Al fiscal le llamó la atención la tranquilidad del detenido. Había visto cómo otros traficantes, menos acorralados por la evidencia, se quebraban y llegaban cabizbajos al interrogatorio. Inunciaga, en cambio, estaba erguido y miraba de frente. El fiscal le informó que por ley podía acogerse a la cooperación eficaz, que, en otras palabras, consiste en delatar a alguien a cambio de una rebaja en la pena. Inunciaga, que hasta ese momento había permanecido en silencio, se inclinó sobre la mesa que lo separaba de Reyes y le dijo con un firme acento español:
–O sea que usted, además de tenerme detenido, quiere que me convierta en un hijo de puta. Sepa usted, fiscal, que en Bilbao no hay ningún hijo de puta.
El fiscal dejó el cuartel de Carabineros convencido de que el vasco no le iba a facilitar el trabajo. Lo confirmó un mes después, cuando el socio de Inunciaga, José Antonio González, también detenido, pidió declarar. Reyes lo recibió en su oficina. Con los dedos puestos sobre el teclado del computador el fiscal estaba listo para tomar la declaración. Pero lo que escuchó no fue lo que esperaba.
–Mikel dice que si a él lo condenan en el juicio, usted se muere. Ya contrató a un pistolero en Santiago para que lo venga a matar– dijo el imputado sin que le temblara la voz.
El fiscal soltó el teclado y miró a los ojos al emisario de Inunciaga. Antes le habían gritado garabatos en los tribunales y en una ocasión se había cruzado en el pasillo del supermercado con un imputado que le había hecho el gesto de cortarle el cuello. Pero nada de eso le había quitado el sueño.
La voz en el teléfono
En conversación con Paula, el fiscal Heriberto Reyes cuenta los detalles de la captura y juicio al narcotraficante vasco.
¿Cómo dieron con Mikel Inunciaga, la cabeza de la organización de narcotráfico?
Empezamos por el último eslabón. El personal de Aduanas detuvo a un tipo en el control de Chacalluta. El sujeto manejaba una camioneta Dodge que llevaba un cilindro de gas licuado. En el norte es común que los autos funcionen indistintamente con gas o con bencina. Pero este auto no estaba acondicionado para operar con gas. En el cilindro había 70 kilos de cocaína de un tipo que no se ve en Chile: no es un polvo que se aspira, son escamas que se ponen directamente en la boca o en la nariz. Era un cargamento de tres mil millones de pesos. Dejamos que el chofer siguiera su ruta, pero con una vigilancia estrecha del OS7 de Carabineros.

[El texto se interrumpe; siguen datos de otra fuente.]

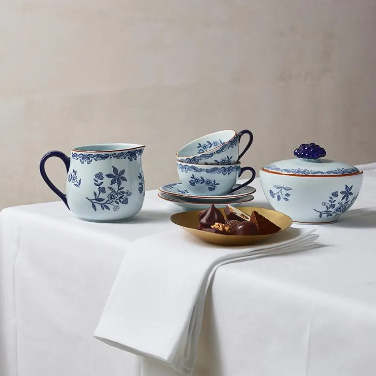 De vakre porsjonsskålene fra Ostindia har et klassisk design med et blomstermønster i blått. Server krydder eller sauser, eller bruk den som dessertskål. Designet kan takke en tilfeldighet for sin eksistens: et porselensskår fra Sørøst-Asia fant veien til et av Rörstrands skap, for så å bli gjenoppdaget.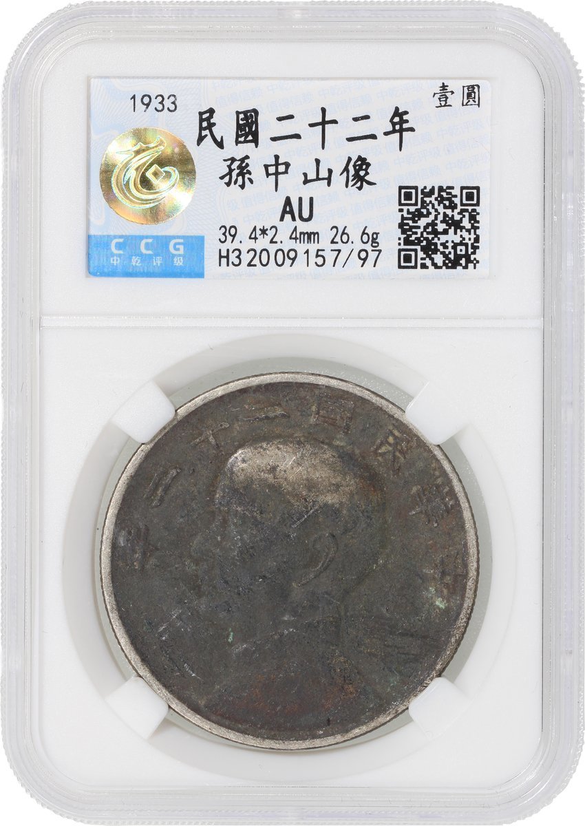 Republic of China, silver $1, 1933, 'Junk' dollar, Zhong Qian AU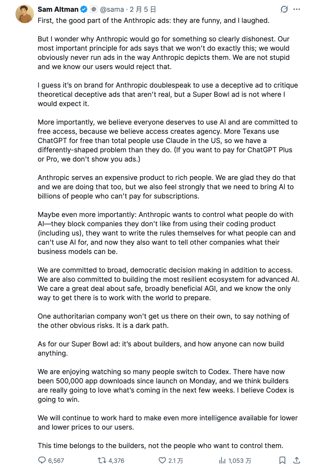 Sam Altman, without being provoked, updated a lengthy tweet on X, emphasizing, 'We obviously won't place ads in the way Anthropic depicted.' He said that using a misleading ad to criticize non-existent, hypothetical misleading ads was very much in line with Anthropic's usual double standards.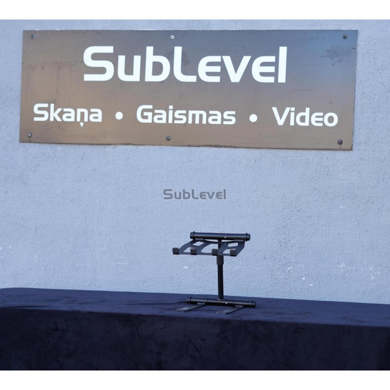 Praktisks risinājums dīdžejiem un pasākumu vadītājiem. Tas nodrošina stabilu platformu papildu tehnikai, neaizņemot vietu uz galda.
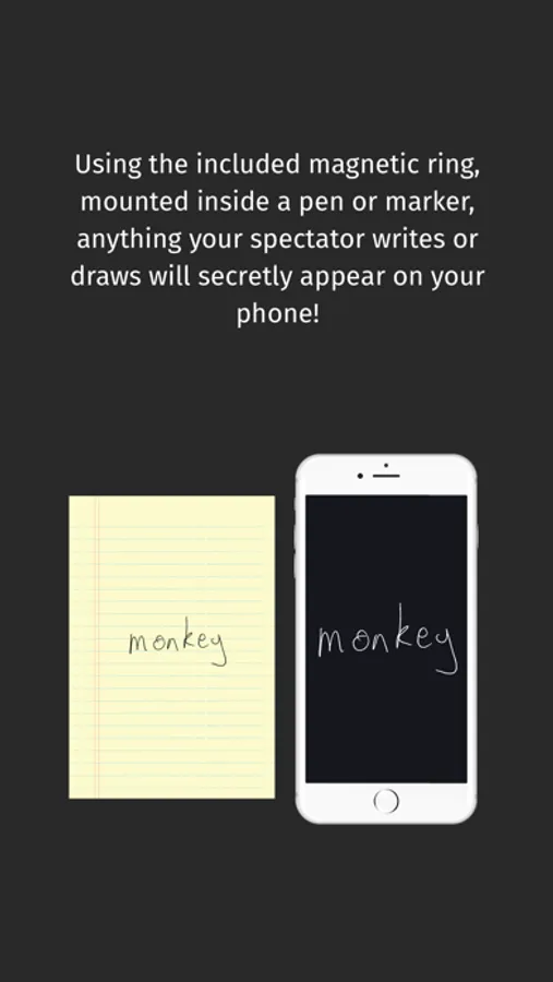 Combined with a specially designed sensor board, the ThoughtCast lets you see anything your audience member writes or draws from across the room. Just slip the board into a standard folio pad, put the included ring magnet on or inside any pen, pencil, whiteboard or permanent marker, and ThoughtCast does the rest! ThoughtCast scales your spectators drawing and displays it in a way that is easy to read, making this the perfect tool for mentalists.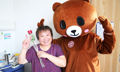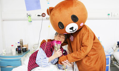 此次布朗熊的出镜,让很多躺在病床上的患者以及家属们感到非常的亲切,呆萌的表情,笨拙的走姿,手中的鲜艳玫瑰,一时间成为“院宝”。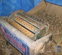 【2012.12.15】 収穫はまだまだ続きます。今週は大豆を収穫しました。 ちょっと遅れ気味でしたので莢から大豆がはじけ始めていました。 こんもりと軽トラ3杯分はありました。 少量だとこの山を足で踏みつけたり棒で叩いたりして 豆を取り出しのですがさすがにちょっと無理。 そこでこんな年代物の機械が活躍します。 足踏みで回転するドラム部分についた櫛歯に莢を当てて豆を飛ばします。 脱穀だけで丸一日近くかかりました。 まだ莢や葉っぱなどのごみと豆が混ざっているので選り分けた後、 虫食いの豆や割れた豆などを選別したりなどまだまだ作業は続きます。 するとまた年明けから楽しみの味噌作りです。 |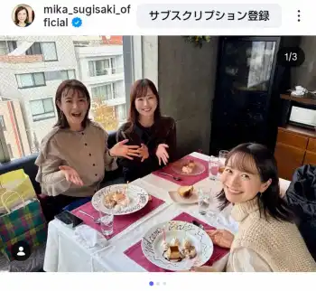 杉崎美香「いつもの3人」女子会ショット 第1子妊娠のアナの顔も…「幸せのお裾分け」「美人三姉妹」の声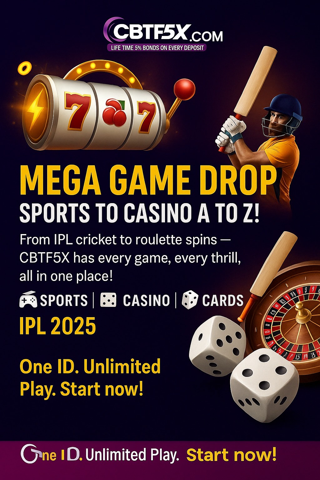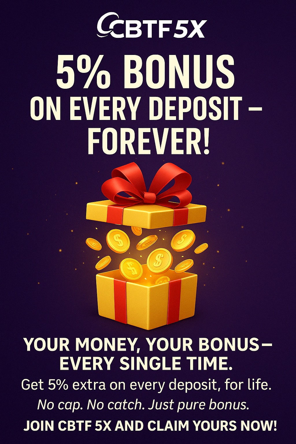 Unlock guaranteed value with CBTF5X! Enjoy a lifetime 5% bonus on every deposit — no limits, no expiry. More bonus means more power to play and win. Join today and make every deposit count!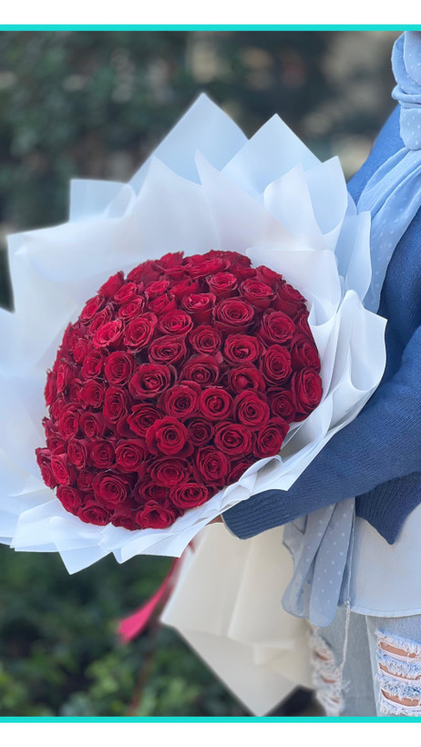 سام فلاور مشتری عزیزمون خواست که ی دست گل بزرگ داشته باشه اما همش رز قرمز باشه اینم نتیجش دسته گل صد شاخه رز قرمز هلندی

¿El chofer de la camioneta sabía que lo seguían?
Sí. Aceptó colaborar cuando lo descubrieron. Andaba con un celular por el que recibía instrucciones constantemente. Le indicaban la velocidad promedio a la que tenía que desplazarse y le hacían un montón de chequeos en el camino, lo que nos hacía pensar que detrás había una organización grande. En tal esquina tomaba contacto con un taxista que le daba un sobre, el sobre lo tenía que entregar en un hotel y en la recepción le habían dejado otro sobre que lo remitía a una bomba de bencina y, en un lugar determinado de la bomba, a tal hora, recibía una llamada de teléfono, y así.

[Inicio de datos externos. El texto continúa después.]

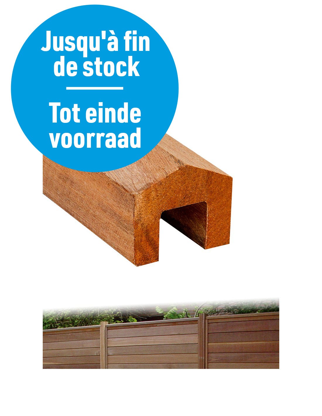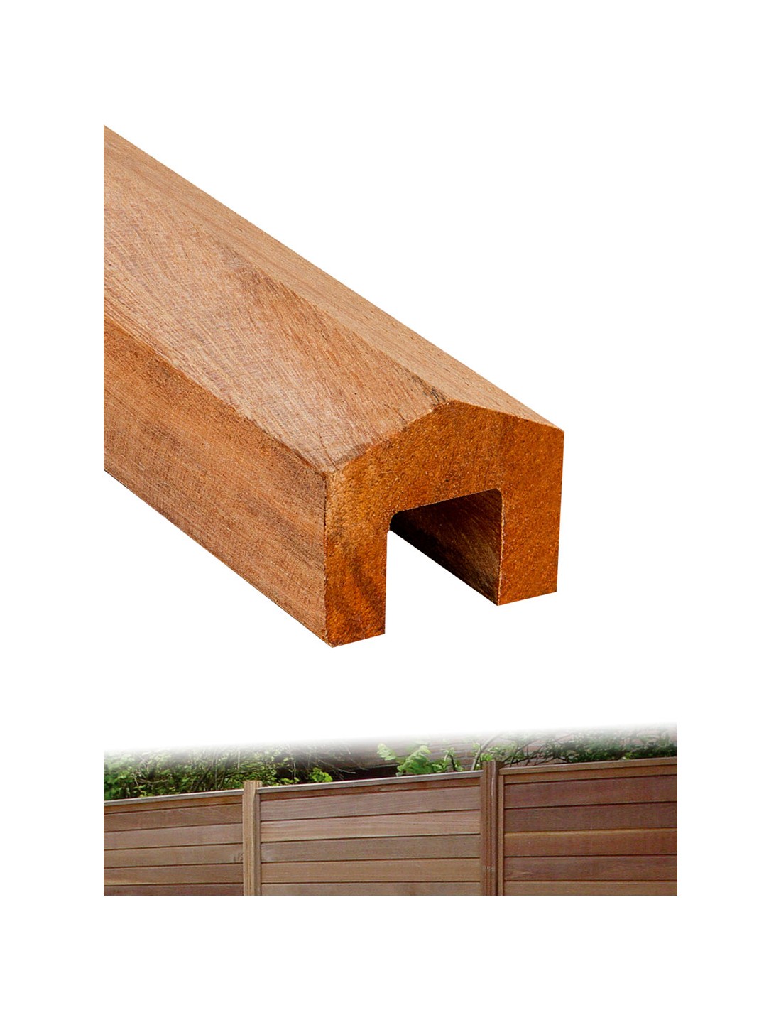 Latte de finition en profil U pointu, de palissade en bois exotique. Longueur 183 cm.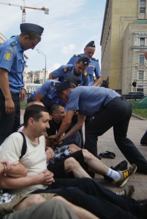 В Москве на Лубянской площади сотрудники правоохранительных органов задержали 21 участника сидячей забастовки в поддержку политзаключенной Таисии Осиповой у Соловецкого камня. Об этом 20 июля сообщает корреспондент Каспаров.Ru с места событий.
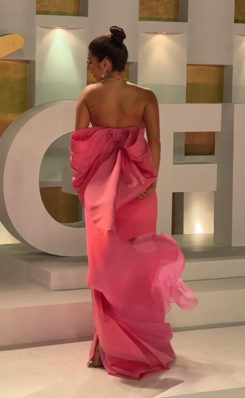 ولفتت الفنانة مايان السيد الانتباه على السجادة الحمراء قبل بداية حفل ختام المهرجان، وارتدت فستانا باللون الفوشيا مصحوبًا بـ "فيونكة" مميزة".

¿Ibas en el auto que lo seguía?
No. Volé directo a Santiago, que era el destino del cargamento, y desde allí nos preparamos con personal del OS7 para allanar los lugares donde estuvieran esperando la droga. Cuando la camioneta iba entrando a Santiago, sonó el celular del chofer y un sujeto le dijo: "Sigue derecho, pasa esa bomba Copec y dobla a la izquierda". Significaba que el tipo que llamaba estaba siguiendo de cerca a la camioneta. Todo esto me lo iba reportando el OS7 por teléfono. Los carabineros empezaron a fijarse en los vehículos que se movían junto a la camioneta y detectaron un taxi. En el asiento trasero iba un hombre que hablaba por celular. Lo detuvieron en una luz roja. En ese momento no lo sabíamos, pero era José Antonio González, el socio de Inunciaga.

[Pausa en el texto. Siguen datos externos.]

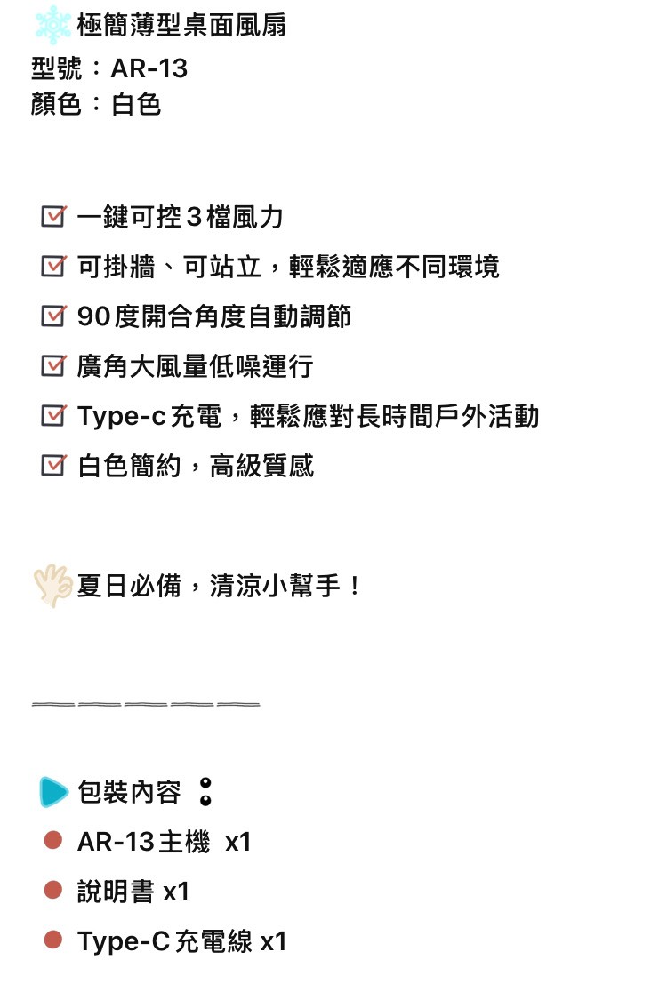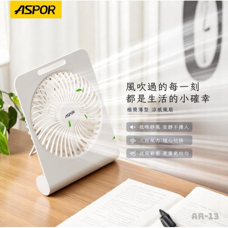 丞皇3C - ASPOR 極簡薄型桌面風扇 AR-13 顏色 白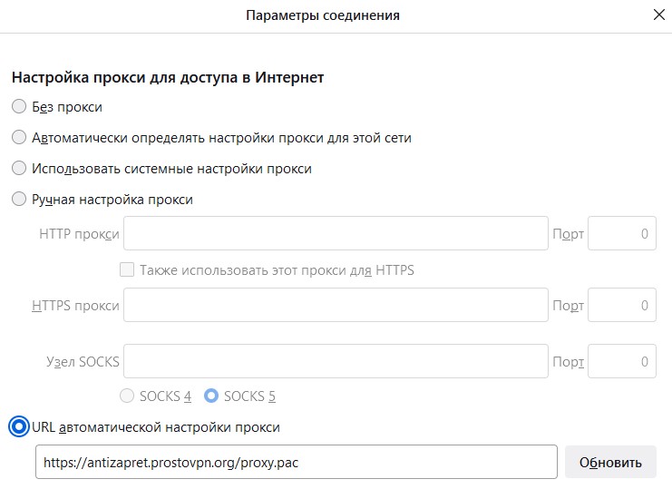 Вставить ссылку antizapret.prostovpn.org в строку "URL автоматической настройки прокси".

¿Y cómo llegaron hasta Inunciaga?
Porque una vez que detuvimos a González, lo llamó alguien al celular y le dijo con acento español: "Voy a estar hasta mañana en la mañana en mi hotel de Las Condes, porque tengo vuelo a Frankfurt". Teníamos que chequear en tiempo récord qué sujetos, presumiblemente españoles, viajaban al día siguiente a Frankfurt y estaban en un hotel de Las Condes. Encontramos a Mikel Inunciaga en el hotel Montebianco, en Isidora Goyenechea. Lo detuvimos en su habitación y buscamos evidencias que lo conectaran con el delito. En su maletín tenía un documento que contenía todos los datos de la camioneta que traía la droga. De su puño y letra Inunciaga le había escrito una hoja de papel al tipo que manejaba. Decía: "1) tienes que pasar por tal control, 2) entrega el documento tanto, 3) guarda tal papeleta que te van a pasar en la aduana peruana". Y usaba expresiones que no son muy propias de los chilenos.
¿Por ejemplo?
En vez de decir "el auto", decía "el coche". Inunciaga le había entregado una fotocopia con las instrucciones al chofer de la camioneta y en su maletín tenía guardado el papel original. Además, tenía un narcotest –un tubo de ensayo con una sustancia reactiva que chequea la calidad de la droga– y 350 mil dólares en efectivo.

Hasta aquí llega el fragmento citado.